| PROVIDED RECORDS |
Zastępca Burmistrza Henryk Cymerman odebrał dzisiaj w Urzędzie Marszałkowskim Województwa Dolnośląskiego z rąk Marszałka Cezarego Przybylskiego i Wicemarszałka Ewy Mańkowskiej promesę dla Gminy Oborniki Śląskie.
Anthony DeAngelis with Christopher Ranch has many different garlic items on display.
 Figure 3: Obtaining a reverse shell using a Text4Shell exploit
==
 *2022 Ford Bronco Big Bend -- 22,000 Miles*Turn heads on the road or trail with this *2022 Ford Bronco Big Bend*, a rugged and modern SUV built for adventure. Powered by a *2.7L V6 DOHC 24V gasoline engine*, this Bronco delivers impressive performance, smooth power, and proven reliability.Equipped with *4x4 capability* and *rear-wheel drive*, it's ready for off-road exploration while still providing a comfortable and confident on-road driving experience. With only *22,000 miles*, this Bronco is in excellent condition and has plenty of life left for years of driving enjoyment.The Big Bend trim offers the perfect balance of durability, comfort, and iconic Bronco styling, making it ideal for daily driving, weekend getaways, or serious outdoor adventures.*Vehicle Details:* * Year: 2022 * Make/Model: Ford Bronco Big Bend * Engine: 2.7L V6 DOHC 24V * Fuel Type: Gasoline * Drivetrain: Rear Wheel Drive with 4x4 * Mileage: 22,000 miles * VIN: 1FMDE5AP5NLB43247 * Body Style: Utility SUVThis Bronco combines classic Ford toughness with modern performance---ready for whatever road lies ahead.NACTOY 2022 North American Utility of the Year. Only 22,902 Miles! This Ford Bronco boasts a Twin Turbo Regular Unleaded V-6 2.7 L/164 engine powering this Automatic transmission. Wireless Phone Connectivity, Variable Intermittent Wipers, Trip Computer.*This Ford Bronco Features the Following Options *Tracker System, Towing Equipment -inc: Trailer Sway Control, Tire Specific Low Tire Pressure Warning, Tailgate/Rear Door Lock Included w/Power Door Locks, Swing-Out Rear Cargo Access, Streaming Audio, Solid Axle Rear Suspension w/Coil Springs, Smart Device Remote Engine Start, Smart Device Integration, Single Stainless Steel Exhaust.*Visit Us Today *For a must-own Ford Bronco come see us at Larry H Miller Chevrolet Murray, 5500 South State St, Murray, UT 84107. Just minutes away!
==
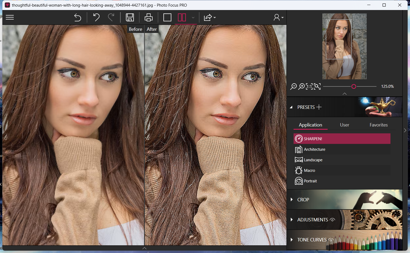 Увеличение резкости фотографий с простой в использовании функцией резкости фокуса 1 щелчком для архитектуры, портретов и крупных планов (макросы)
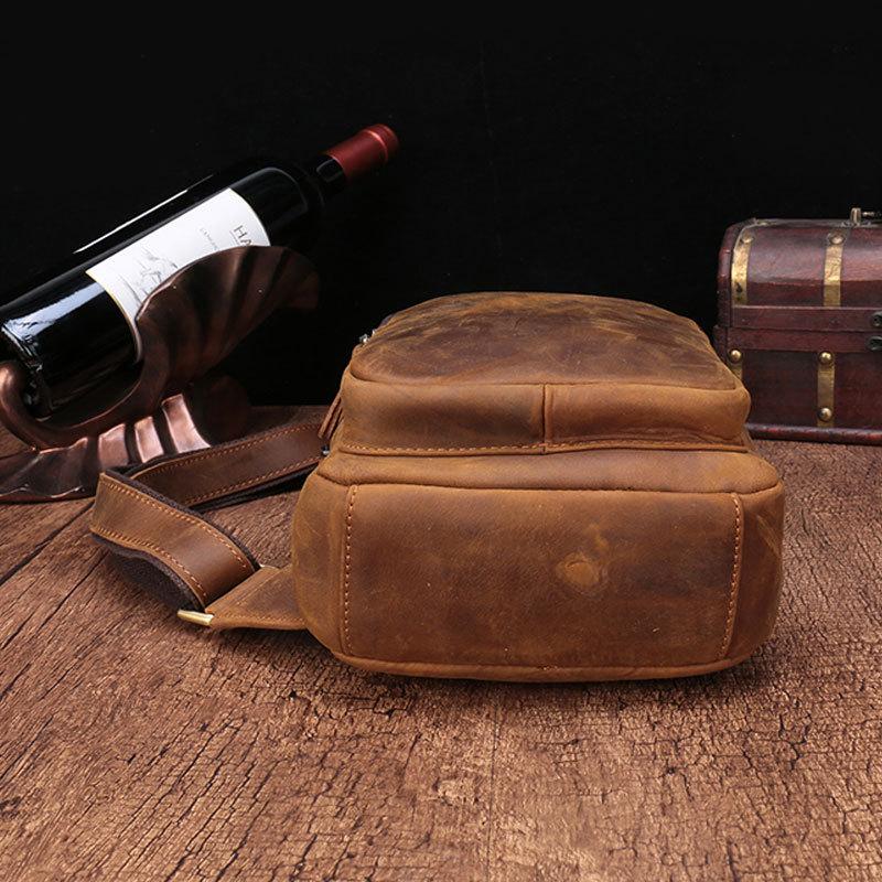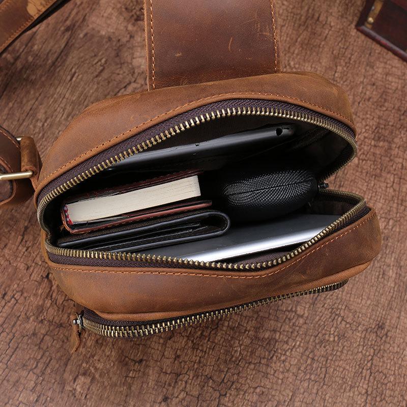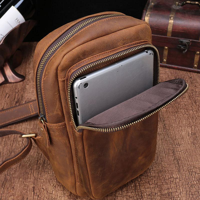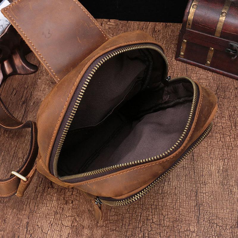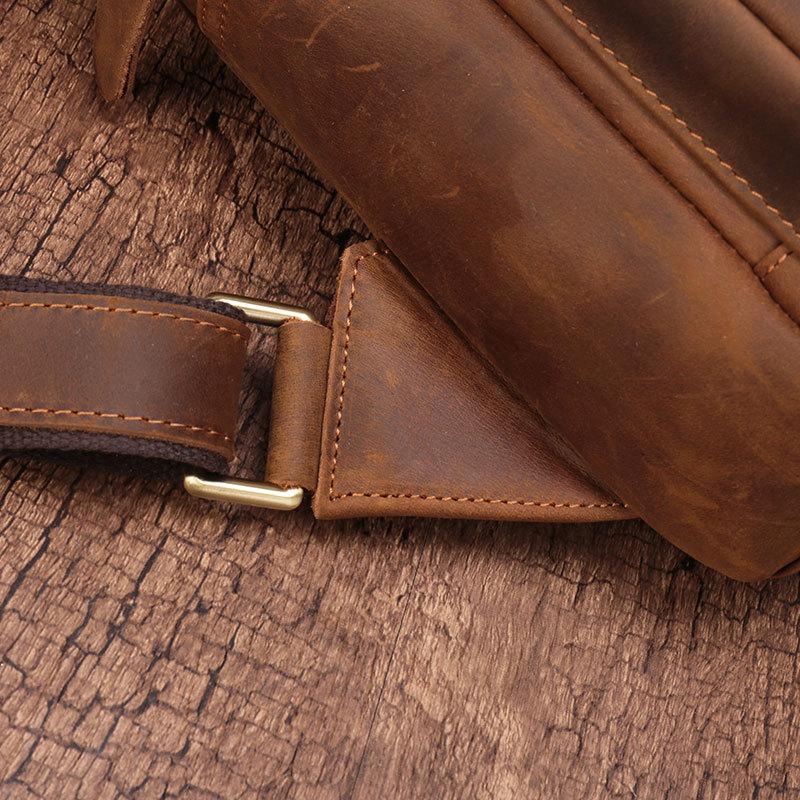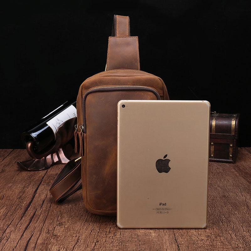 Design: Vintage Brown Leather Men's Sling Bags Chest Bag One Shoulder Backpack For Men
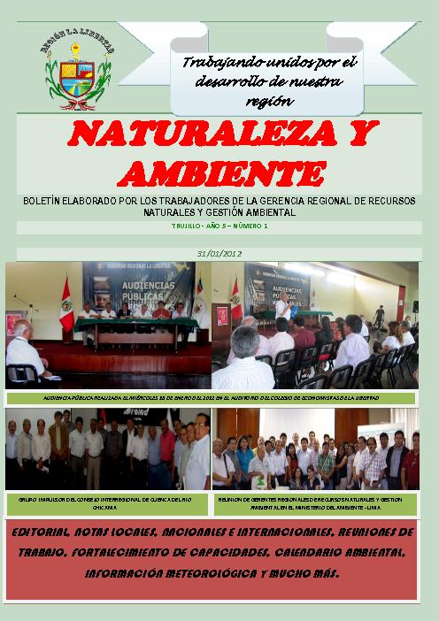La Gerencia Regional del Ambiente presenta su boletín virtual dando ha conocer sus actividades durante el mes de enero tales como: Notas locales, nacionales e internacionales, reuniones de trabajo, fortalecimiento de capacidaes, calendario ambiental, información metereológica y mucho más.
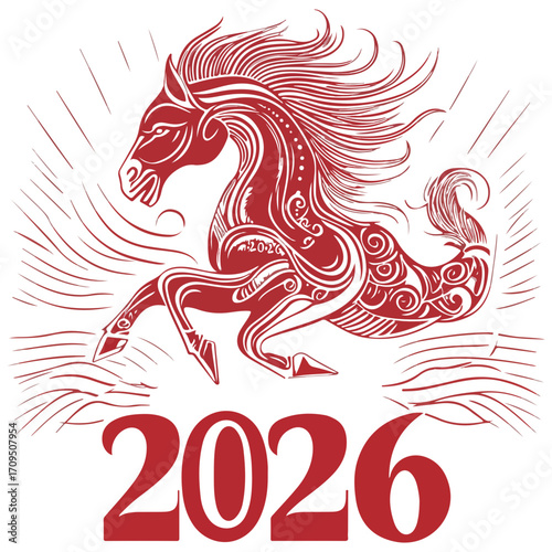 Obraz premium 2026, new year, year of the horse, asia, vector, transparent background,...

| REQUIRED ACTION |
Both boundary lines included, write out word for word only the lines above from the one containing "Увеличение резкости фотографий" to the one containing "Obraz premium 2026, new", leaving out any pictures.

| SOLUTION |
 Увеличение резкости фотографий с простой в использовании функцией резкости фокуса 1 щелчком для архитектуры, портретов и крупных планов (макросы)
 Design: Vintage Brown Leather Men's Sling Bags Chest Bag One Shoulder Backpack For Men
La Gerencia Regional del Ambiente presenta su boletín virtual dando ha conocer sus actividades durante el mes de enero tales como: Notas locales, nacionales e internacionales, reuniones de trabajo, fortalecimiento de capacidaes, calendario ambiental, información metereológica y mucho más.
 Obraz premium 2026, new year, year of the horse, asia, vector, transparent background,...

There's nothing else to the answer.